What do gold, silver and copper; aqua, purple and red-dyed wool; linen, goat hair, animal skins, acacia wood, olive oil, spices and gems have in common? These were the primary items that the Israelites needed to gather and donate in order to build God a sanctuary in the wilderness. This sanctuary, the Mishkan (Tabernacle), was to be the dwelling place of the Shechina (Divine Presence) until the building of the Holy Temple in Jerusalem.
All of these items, except for the silver, were donated by the Israelites after God told Moses to tell the Israelites to bring an offering each according to their hearts desire (Exodus 25:2) — a voluntary offering. The silver that was used in the Mishkan came solely from the half-shekel census collection.
Where did a nation of run-away slaves acquire all these precious metals, fancy linens and gems? Actually, they came from the Egyptians, as payment for the Israelites’ years of slave-labor (“And the Children of Israel did according to the word of Moses; and they asked of the Egyptians jewels of silver, and jewels of gold, and raiment” – Exodus 12:35).
The other items requested were also not so mundane.

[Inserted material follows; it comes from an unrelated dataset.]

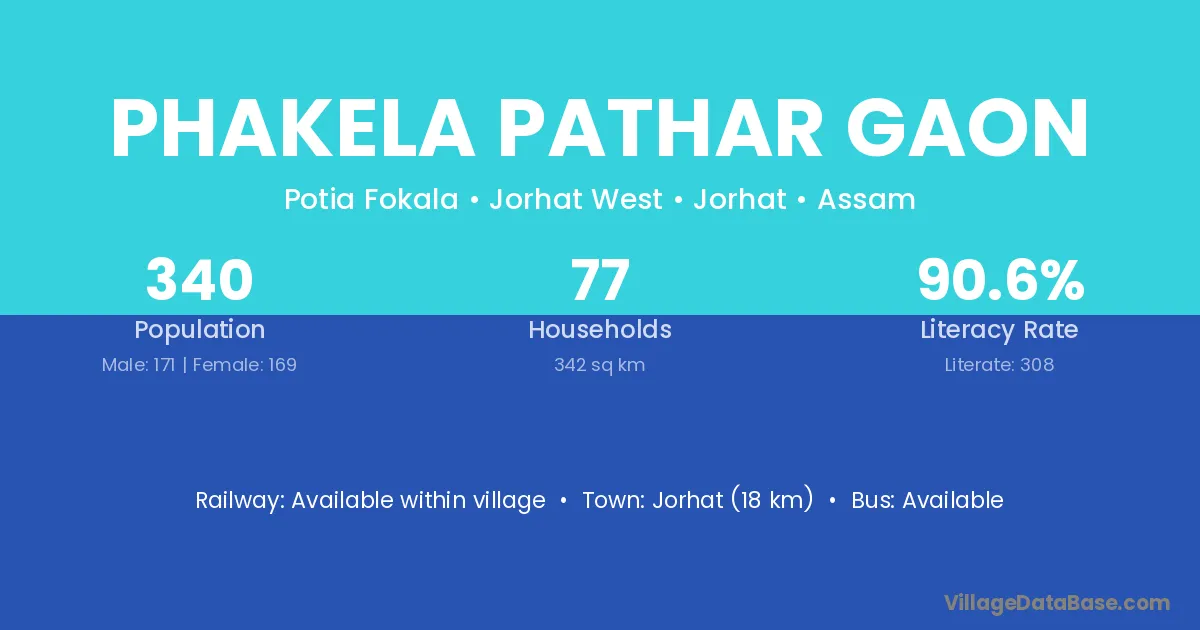 Jorhat (18 km) is the nearest town to Phakela Pathar Gaon village for major economic activities and is located approximately 18 km away.
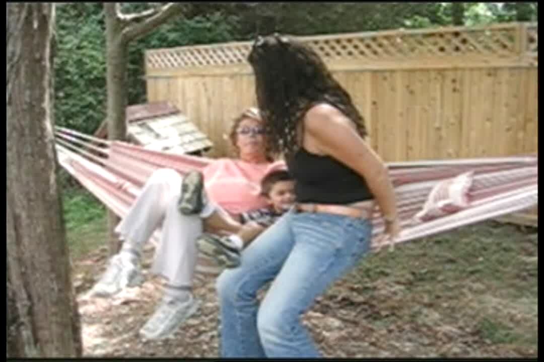 A woman. struggles to climb onto a hammock at a park and falls off. A teen boy and another woman grab her hands and help her up. A teen girl goes to sit on the hammock, but misses it entirely and falls on the ground.

For instance, the aqua (blue-green) dye (techelet) for the wool was from a creature called the chilazon, which “resembles the sea in its color, and in shape it resembles a fish; it appears once in seventy years, and with its blood one dyes the thread blue; and therefore it is so expensive” (Menachot 44a).
On a practical level, the list of items above was a shopping list. But as valuable as each of these pieces was, they were made priceless by the fact that they were given, truly, from the heart.